I have a sum $\sum_{i=1}^\infty Y_i$ where $Y_i=AX_i+a$ if $X_i>X_{lower}$ and $Y_i=BX_i+a$ if $X_i<X_{lower}$. Here $X_{lower}, A, a, B$ are positive constants and all $X_i$'s are i.i.d exponential random variables with parameter $\lambda$. I want to know how to find the average number of terms in the sum so that the sum is equal to or greater than some constant $C$.
I already know how to compute the average number of terms if $Y_i=KX_i+a$ where $K>0$. Hence, I have one solution in my mind which has following two steps.
1- Find the average number of terms for $Y_i=AX_i+a$ and $Y_i=BX_i+a$ cases separately.
2- If the number of terms for $Y_i=AX_i+a$ are $j_1$ and number of terms for $Y_i=BX_i+a$ are $j_2$ then the number of terms for my problem will be $$\text{number of terms}=j_1Pr(X_i>X_{lower})+j_2Pr(X_i<X_{lower}).$$
Is it the right answer?

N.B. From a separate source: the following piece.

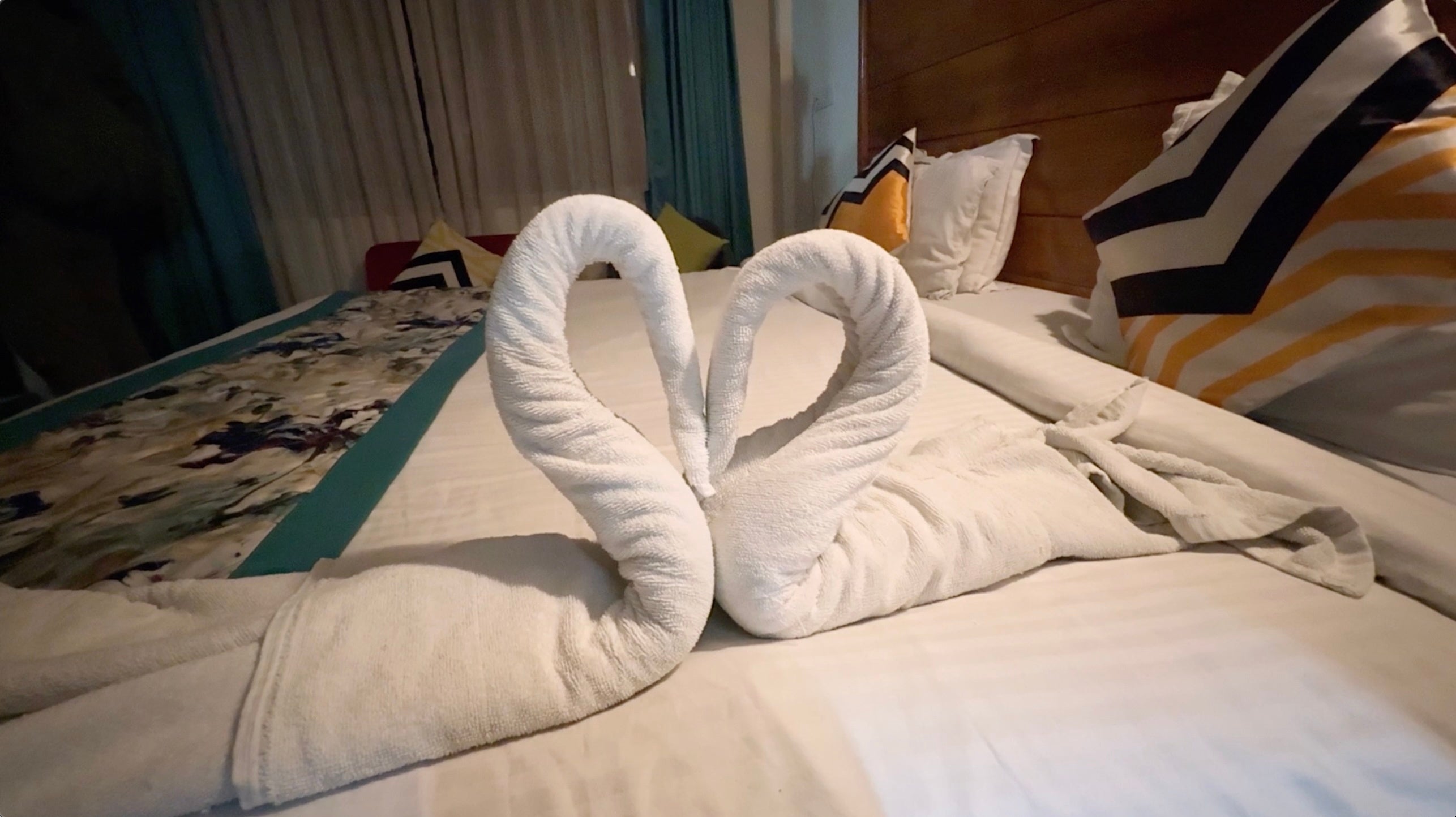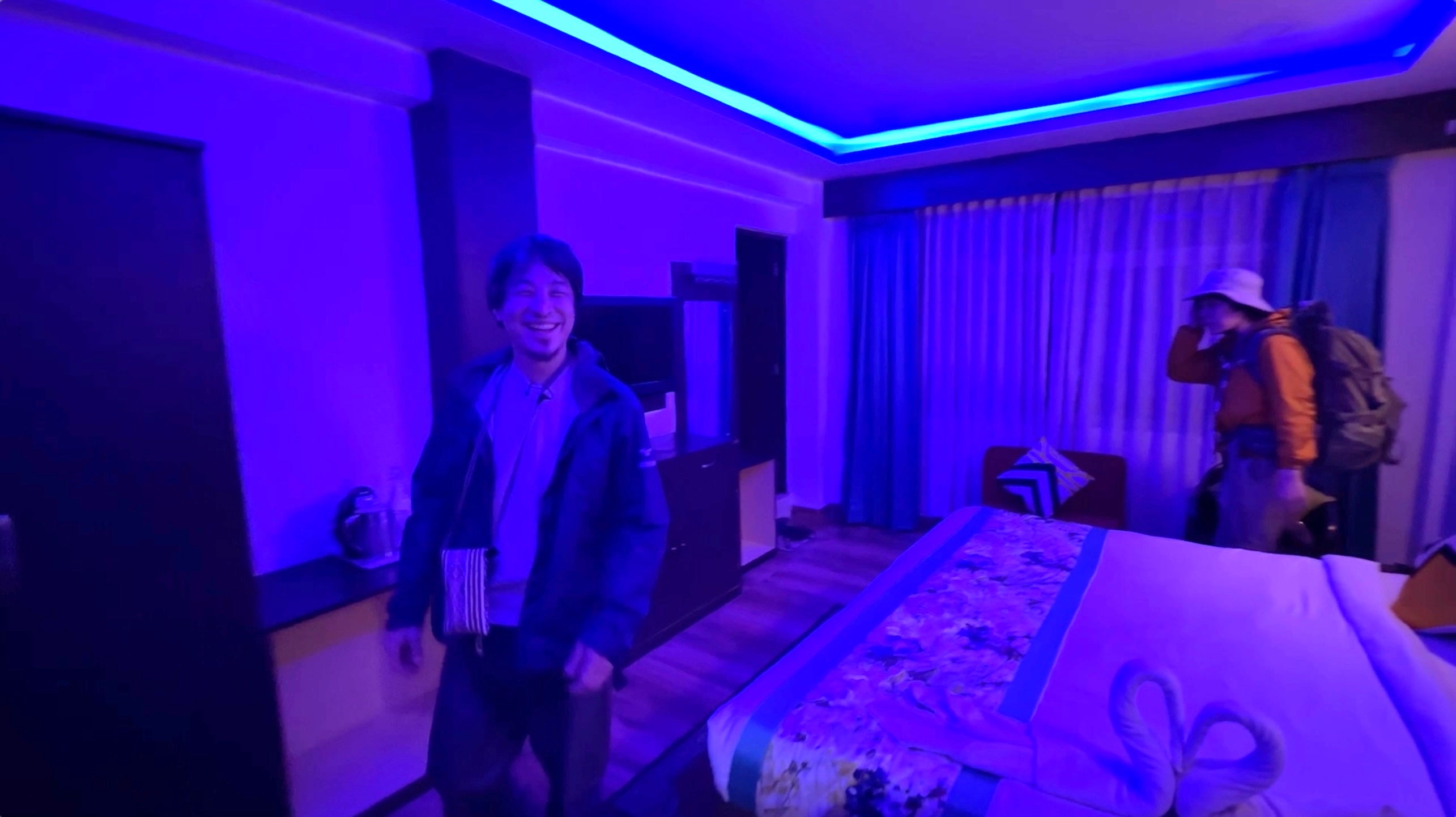 アモールさんの家に泊めてもらうあてが外れたくるまとひろゆきは、急遽ホテルを探すことに。ホテルを探す中、たまたま出くわしたホテルオーナーから「うちのホテルなら部屋がある」「2人で1部屋」と、ホテルの部屋に案内された2人でしたが、部屋にはダブルベッドが1つのみ、ベッドの上にはハート型に作られた白鳥のタオルアートが置かれており、くるまは「(ベッド)分けてほしいですよね?」「タオルの白鳥がチューしてますよ」と動揺します。一方、ひろゆきは「別にいいですよ」「僕は全然大丈夫ですよ」と平然。怪しい光に包まれるムード満点な部屋のライトにくるまは「ラブホっぽくないですか?」と、ひろゆきも「これはエロいことをする用の部屋なんですか?」と漏らしたものの、2人はこの部屋に宿泊を決めました。

I will be very grateful for your suggestions. Thank you.
The Joriki method in that other link is interesting, I would have approached it differently (via Wald) and (hopefully?) that would also give an exact expression for the exponential case. For the problem at hand, a Wald-based approach is as follows:
Suppose that $\{Y_i\}_{i=1}^{\infty}$ are iid, nonnegative, and have finite expectation $E[Y]>0$. Define $N$ as the smallest time at which the sum of the $Y_i$ values meets or exceeds a positive threshold $C$, so that $\sum_{i=1}^N Y_i \geq C$. Define $$Overshoot = \sum_{i=1}^N Y_i - C$$ Then $Overshoot \geq 0$ and $$ E\left[\sum_{i=1}^N Y_i \right] = C + E[Overshoot] $$ On the other hand, we can write $\sum_{i=1}^N Y_i = \sum_{i=1}^{\infty} Y_iI_i$ for indicator functions $I_i=1\{i \leq N\}$, so the $I_i$ indicators filter out only those terms that are used. Then, by a Wald-type technique: \begin{align} E\left[\sum_{i=1}^N Y_i\right] &=E\left[\sum_{i=1}^{\infty}Y_iI_i\right]\\ &\overset{(a)}{=}\sum_{i=1}^{\infty}E\left[Y_iI_i \right]\\ &\overset{(b)}{=}\sum_{i=1}^{\infty}E[Y_i]E[I_i] \\ &=E[Y]\sum_{i=1}^{\infty}E[I_i]\\ &= E[Y]\sum_{i=1}^{\infty}P[i\leq N]\\ &\overset{(c)}{=}E[Y]E[N] \end{align} where (a) holds because we can always pass expectations through an infinite sum of non-negative random variables; (b) holds by the Wald observation that $I_i$ depends only on $Y_1, ... Y_{i-1}$ and so is independent of $Y_i$; (c) holds by the expectation identity for positive integer random variables $N$.
Equating these two different expressions for $E[\sum_{i=1}^NY_i]$ gives: $$ E[N] = \frac{C + E[Overshoot]}{E[Y]} $$ This holds for any iid and nonnegative random variables $Y_i$ with $E[Y]>0$, which includes your case. You can compute $E[Y]$ for your case. The only difficulty is computing $E[Overshoot]$. But you could perhaps bound that above and/or below considering the worst-case distribution on the last step.
Using the above technique on the problem from the previous link you gave, I get a slightly different answer (I suspect that previous answer had a minor mistake because the constant $c$ used there should have depended on time, i.e., $c(t)$). That link was:
Average number of terms required in a sum of exponential variables to reach a specific limit
There, it looks like we have $Y_i = \max[X_i-t, 0]$ for $X_i$ exponential with rate $\lambda$. So: $$ E[Y] = \int_{t}^{\infty} (x-t)\lambda e^{-\lambda x}dx = \frac{e^{-\lambda t}}{\lambda}$$ $$ E[Overshoot] = 1/\lambda $$ Then, using threshold $C=L$: $$E[N] = \frac{L+E[Overshoot]}{E[Y]} = (L + 1/\lambda)\lambda e^{\lambda t} = L\lambda e^{\lambda t} + e^{\lambda t} $$
Edit: Joriki fixed his answer to indeed get the final "constant term" as $c=e^{\lambda t}$, consistent with my answer.